Sé que son palabras que, de puro grandilocuentes, suenan un poco vacías. Y sé que, a la hora de la verdad, muchas de las resoluciones de la ONU seguirán quedando en nada. Pero es digno de elogio el hecho de que una organización reconozca que no es capaz de dar respuestas efectivas a las crisis presentes y trate de poner remedio, como también lo es el que, a partir de la Sociedad de Naciones, la Humanidad encontrase una forma de intercambiar puntos de vista para evitar llegar a las bombas, al menos en muchos de los casos.

La ONU no es perfecta y el multilateralismo no es perfecto, pero lo perfecto es enemigo de lo bueno, dijo Voltaire.

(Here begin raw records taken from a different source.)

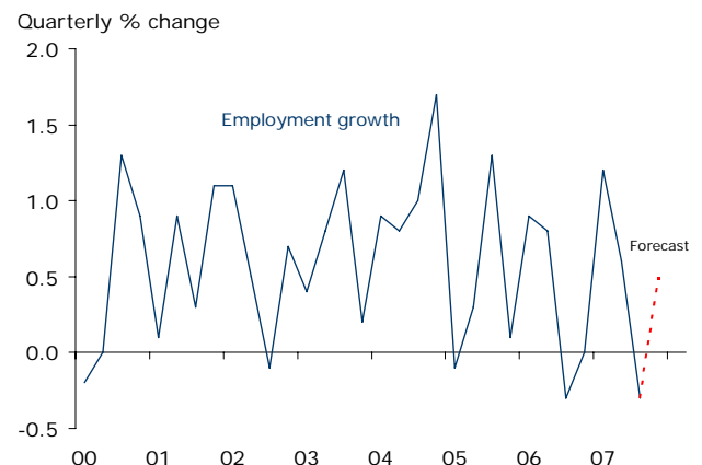
Volatile employment growth

The September quarter survey threw up a puzzling fall in employment along with a lower unemployment rate, caused by a sharp fall in the female participation rate. Quarter on quarter, the HLFS has been notable for volatile outcomes over the past five years with a standard deviation of 0.6 percent for employment growth.
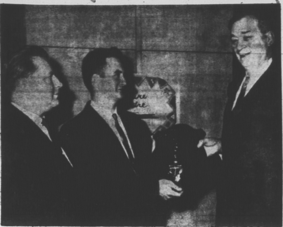
TOP AY POST AWARD IS PRESENTED
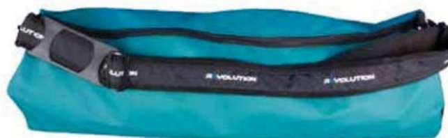
REV-BAG Revolution Apron Bag
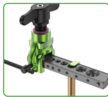
The copper pipe enters the hole, and the limit plate is on the copper pipe
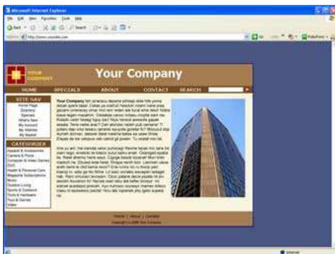
Left Horizontally Middle Align Vertically
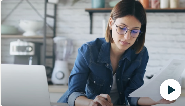
Making it easier to grow accounting revenue (2:25)

Get your clients up and running easier on QuickBooks Online with improved migration assistance and support.
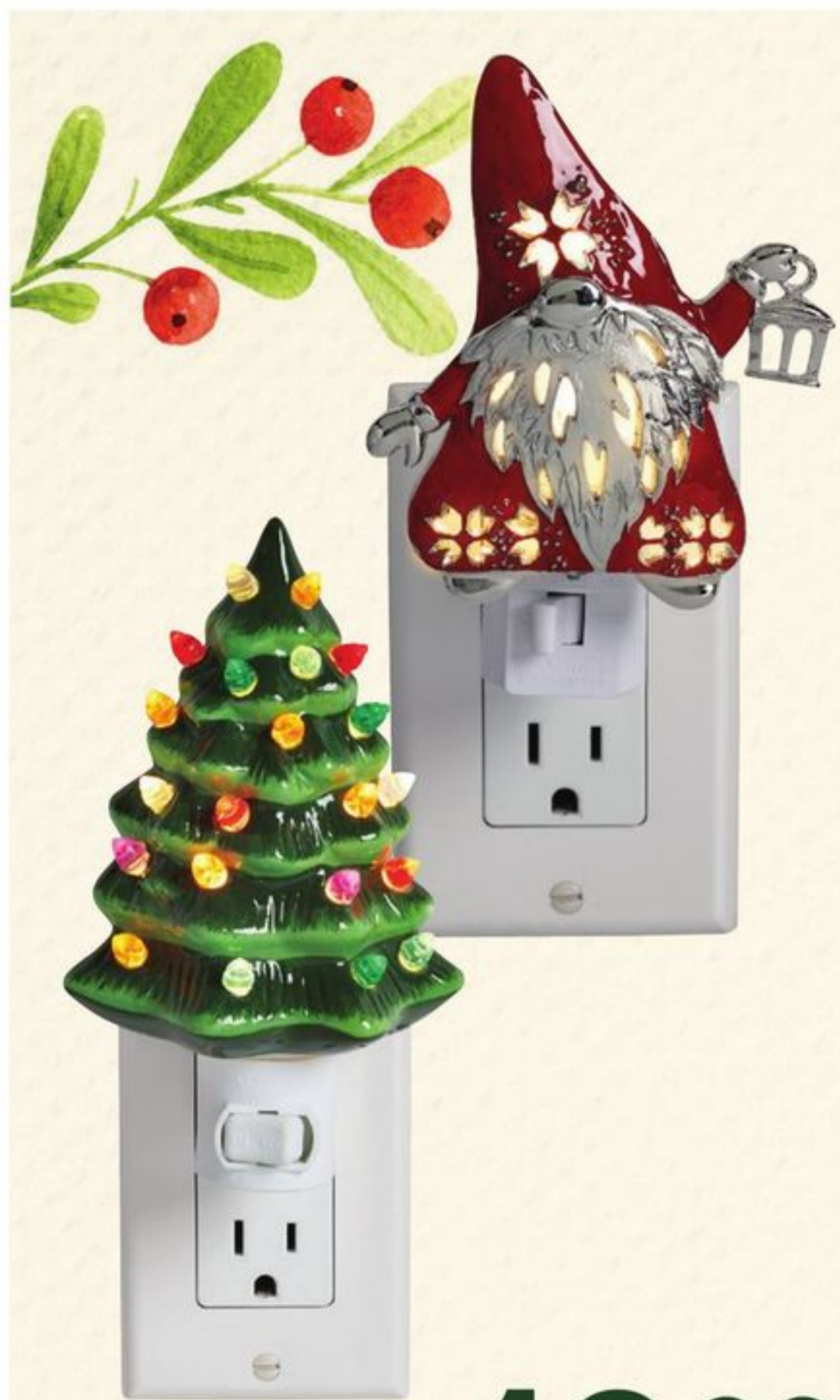
Ganz Holiday Night Lights, Select Styles

Y no podemos olvidar que, para muchos países pequeños, para los menos influyentes, esta es la única oportunidad de hacerse oír. El precio de este esfuerzo multilateral es tener que escuchar a una sarta de sátrapas, terroristas e incompetentes. Y el peligro es poner el énfasis del pacto en la palabra «futuro», porque el futuro es una entelequia, no es de nadie ni nadie lo puede asumir. Es sólo un punto incierto entre el presente y la muerte, entre el ahora y la extinción.

Lo verdaderamente importante es subrayar la palabra «pacto», porque ese consenso entre naciones es lo que acerca a la ONU más a un espejo de lo que querríamos ser que a un modelo de lo que somos.

Es una oportunidad para que la ONU vuelva a comprometerse con sus valores fundacionales y para dotarnos de nuevos y mejores instrumentos con los que afrontar un rosario de crisis que nacen y se reproducen más rápido que nuestra capacidad de resolverlos. Es una oportunidad de responder para nuestra generación. Per aspera ad astra.